Day 1 – shiny stole the show
The first stream was all things Shiny. With all the hype surrounding Shiny in the past few years, it didn’t disappoint.
Joe Cheng spoke at the EARL London Conference in September last year about the exciting new feature allowing users to take advantage of asynchronous programming within Shiny applications through the use of the promises
package. It was great to see a live demo of how this new feature can be utilised to scale Shiny apps and reduce wait time.
The JavaScript inspired promises
are not just Shiny specific and Joe is hoping to release the package on CRAN soon. In the meantime you can check out the package here.
At mango we’re already excited to start streamlining existing and future customer applications using promises
. From a business point of view, it’s going to allow us to build more efficient and complex applications.
Straight after Joe was RStudio’s Winston Chang. Winston gave another great demo – this time showing the new features of the shinytest
package. As well as improved user interaction, compared to previous shinytest
versions, Winston demonstrated the latest snapshot comparison feature. This allows users to compare snapshots side by side when re-running tests and interactively dragging images to compare between them.

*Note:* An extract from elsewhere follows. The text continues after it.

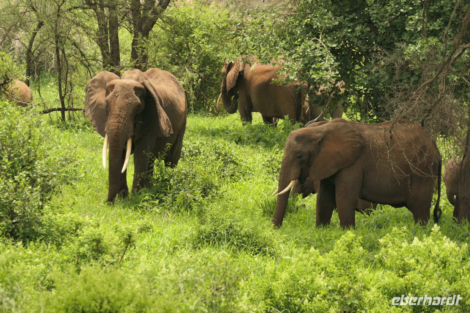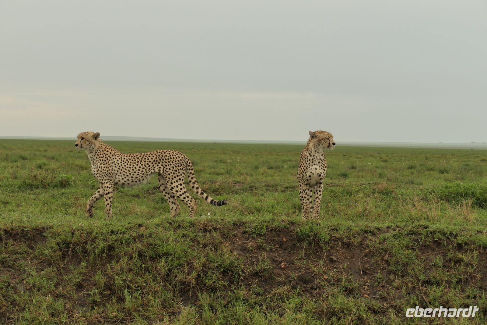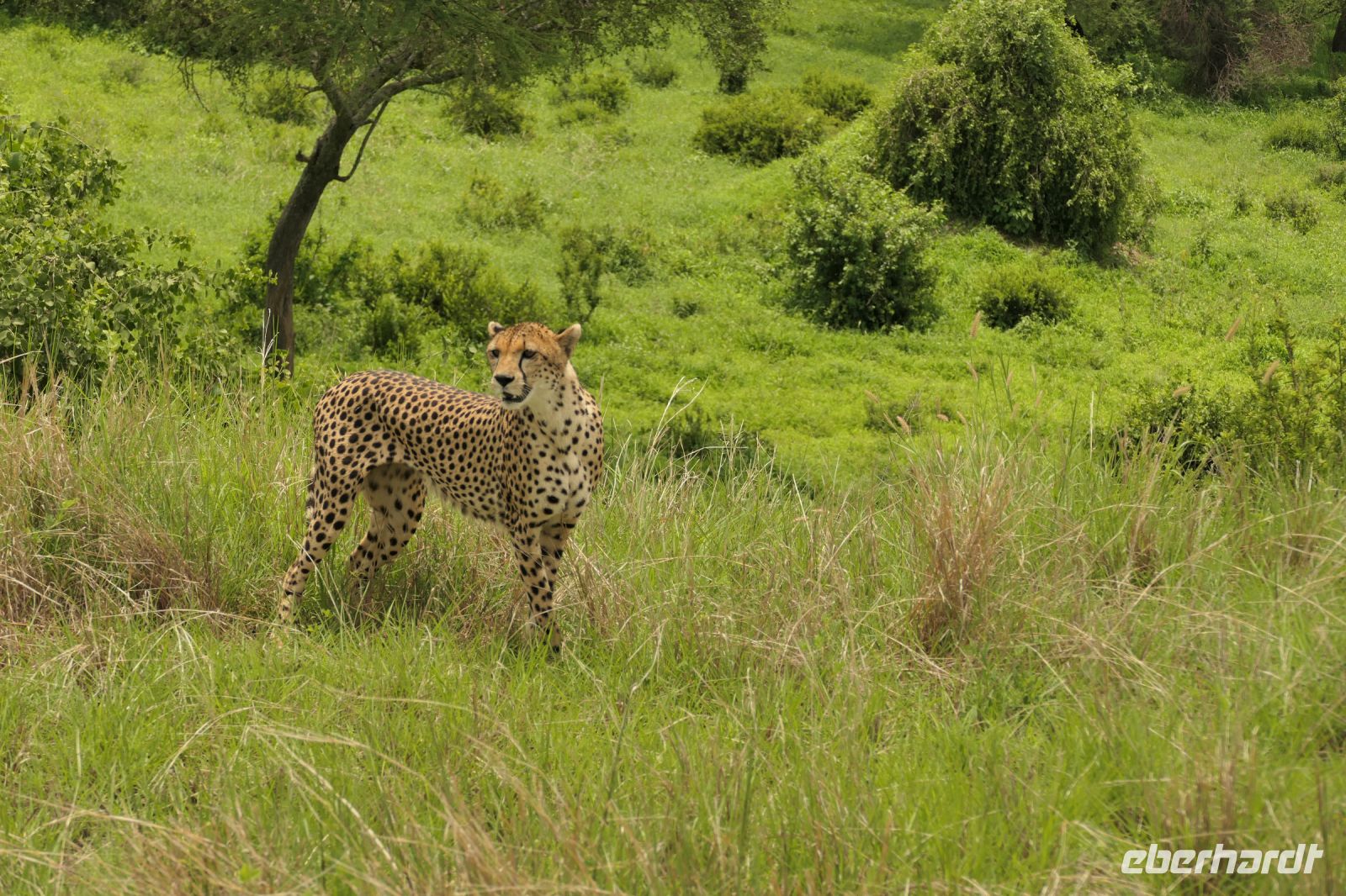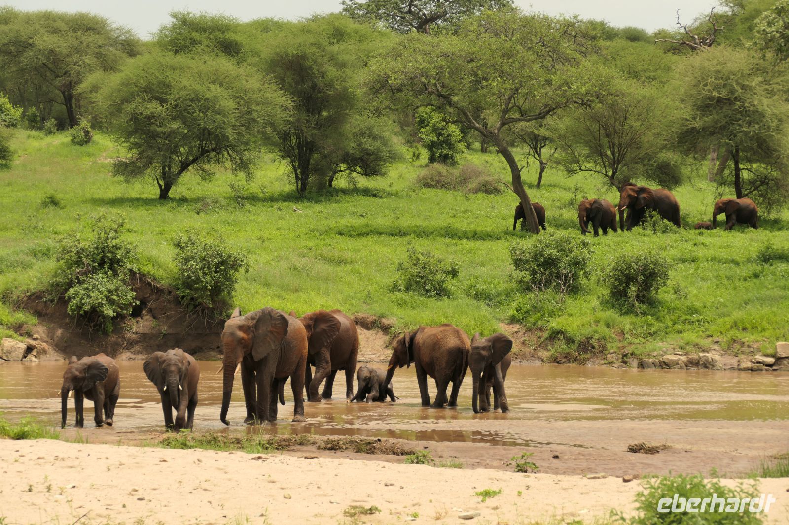 Tag 4, Nationalpark Nummer 2: der Tarangire-Nationalpark im Norden. Gegen Mittag starten wir hier unsere Safari und sehen gleich zu Beginn viele Elefanten und sogar drei Geparden. Wir sind genau zur richtigen Stelle am richtigen Ort und total begeistert. Danach geht es weiter zum Tarangiri Fluss, wo wir nochmals Unmengen an Elefanten entdecken. Gegen 17:00 Uhr erreichen wir unsere Tarangire Lodge und werden freundlich beim Check-In begrüßt. Wir erhalten eine Sicherheitseinweisung für unseren Aufenthalt, da man hier abends/nachts nicht alleine zum Zelt laufen darf, aufgrund der wilden Tiere. Die Lodge ist wunderschön und hat einen Pool. Nach dem Abendessen sitzen wir wieder gemeinsam am Lagerfeuer und schauen die Bilder und Videos der letzten beiden Safaris an.

This is another potentially exciting breakthrough in the world of Shiny. Testing user interface components of a Shiny app has historically been a manual process, so formalising this process with shinytest
will hopefully provide the framework to take proof of concept applications into a validated production ready state. You can check out the latest version here.
We were also excited to hear RStudio have built their own load testing tools which they’ll make available for us as well. Traditional tools for load testing often are incompatible with Shiny apps. RStudio’s main goals were to create something that’s easy to use, can simulate large number of users, and can work well with Shiny apps. It has multiple features in its workflow, such as recording, playback, and result analysis, and we envisage it enabling our customers to get really in-depth metrics on their Shiny apps.
Day 2 – machine learning
Aside from Shiny, a main theme of the conference was undoubtedly machine learning.

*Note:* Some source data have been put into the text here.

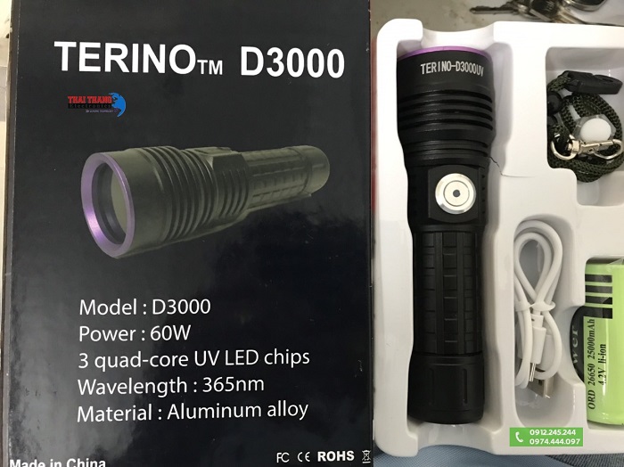 Đèn pin cực tím UV Terino D3000 Được trang bị 3 chip led UV lõi tứ có bước sóng 365nm, cho công suất tối đa đến 60W,phù hợp cho các công việc như kiểm tra mực ẩn,giấy tờ tiền giả, tem rượu, đồ cổ, đá quý, làm khô nhanh các loại keo dán công nghiệp, phát hiện chất thải động vật, các loại côn trùng độc, chất huỳnh quang có trong sữa, mỹ phẩm, tã giấy,diệt khuẩn, kiểm tra vết bẩn mà mắt thường không thể nhìn thấy,….
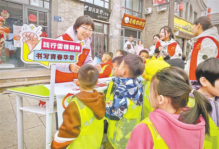 3月4日,志愿者宣讲雷锋精神。当日,盐池县组织志愿服务大集,汇聚老中青三代共70余名志愿者,用实际行动诠释“雷锋精神”,为居民送去便利和关怀。宁夏日报报业集团全媒体见习记者 贺静 摄
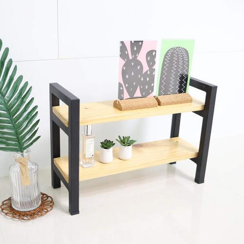 트리스토어 철제 프레임 원목 미니 선반 2단, 원목 + 블랙(프레임)
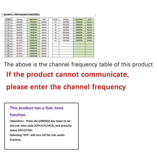 This is a necessity for life safety. ^^ Long time standby and durability The walkie talkie is equipped with 1400mah battery, which supports long time standby. The charging port adopts Type-c charging, which is more convenient and can be charged through PC, car or charging bank. So you don't need to buy and discard batteries repeatedly. ^^ Multi-scene applicationWalkie talkies long range can reach 3 miles in open areas. If there are buildings, the working range will be reduced. Two way radio for adults, palm-sized, strong material and resistant to falling, rain-proof, very suitable for various application scenarios such as: road trip, warehouse, cruise ship, outdoor picnic, camping, riding, hotel management, warehouse, building construction, restaurant, school Playground and church. ^^ What you getPackage contains (walkie talkie, belt clip, hand strap, battery ) X 2 and 2 in 1 Type-C charger X1, user manual X1. Easy to operate, suitable for novices, and provide technical guidance. All day customer service replies to ensure your purchase enjoyment. ^^ This product has a Sub-tone function. If the product does not match, please turn off the Sub-tone function Operation Press the [/MENU] key twice to set the sub-tone code (OFF/CTC/DCS), and press/to select OFF/CT/DC. Selecting "OFF" will turn off the sub-audio function. (
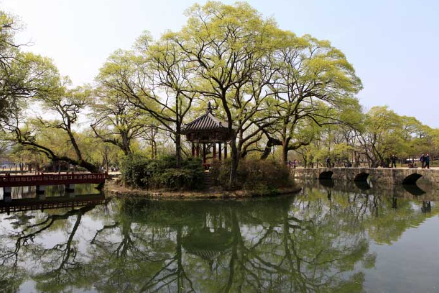 완월정 북쪽으로 둘 사이에는 저수지가 있고,오작교와 방장정 영주각 등이 삼신산을 이룹니다. 물가로는 버드나무 고목과
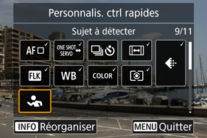 Les éléments de contrôle rapide et leur disposition sont personnalisables.
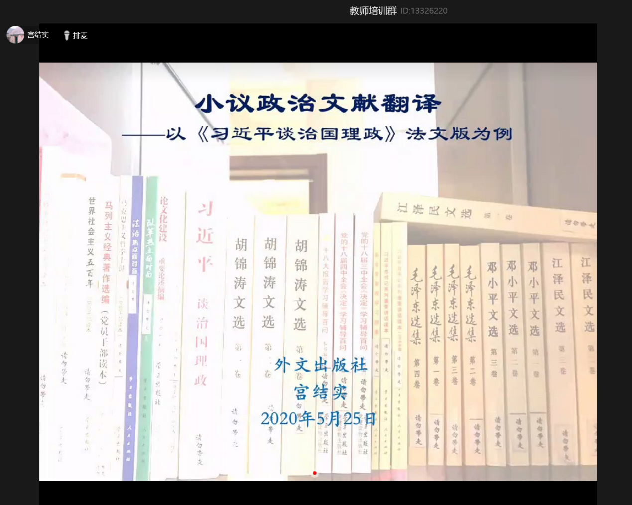 思政教育“進課堂”師資團隊系列培訓之“《習近平談治國理政》法譯解析”于5月25日順利開講。本次主講嘉賓為外文出版社首席法文專家宮結實教授。宮教授于2009年被評為“中國外文局建局70周年杰出貢獻獎”,編撰多部雙語工具書,審定多部法文圖書,如《習近平談治國理政》(第一卷、第二卷、第三卷)、習近平《擺脫貧困》、《之江新語》等。本次講座由法意語系楊少琳教授主持,來自法意語系、東方語學院、翻譯學院、國際關系學院、英語學院、商務英語學院、馬克思主義學院等院系教師及部分學生參加了講座。

Day 2 kicked off with a key note from J.J Allaire, RStudio’s CEO. J.J’s presentation “Machine Learning with R and TensorFlow” was a fantastic insight into how RStudio have been busy in the past year making TensorFlow’s numerical computing library available to the R community. The keras
package opens up the whole TensorFlow functionality for easy use in R, without the need to learn Python. It was great to hear TensorFlow explained in such a clear way and has already sparked interest and demand at Mango for our new “Deep Learning with keras in R” course (which, you can attend if you sign up for the EARL London Conference _hint hint)).

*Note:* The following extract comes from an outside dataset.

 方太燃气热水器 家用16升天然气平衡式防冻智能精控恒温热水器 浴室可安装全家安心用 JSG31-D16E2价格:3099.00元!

The interop stream gave us an insight into the leading technologies integrating with and exciting the world of R. With TensorFlow and Keras being machine learning buzz words at the moment, Javier Luraschi explained how to deploy TensorFlow models for fast evaluation and export using the tfdeploy
package. He also highlighted integration with other technologies, such as cloudml
and rsconnect
https://github.com/riga/tfdeploy
Next year the conference has already been announced to run in Austin, Texas. Workshop materials and slides from this year’s conference can be found here.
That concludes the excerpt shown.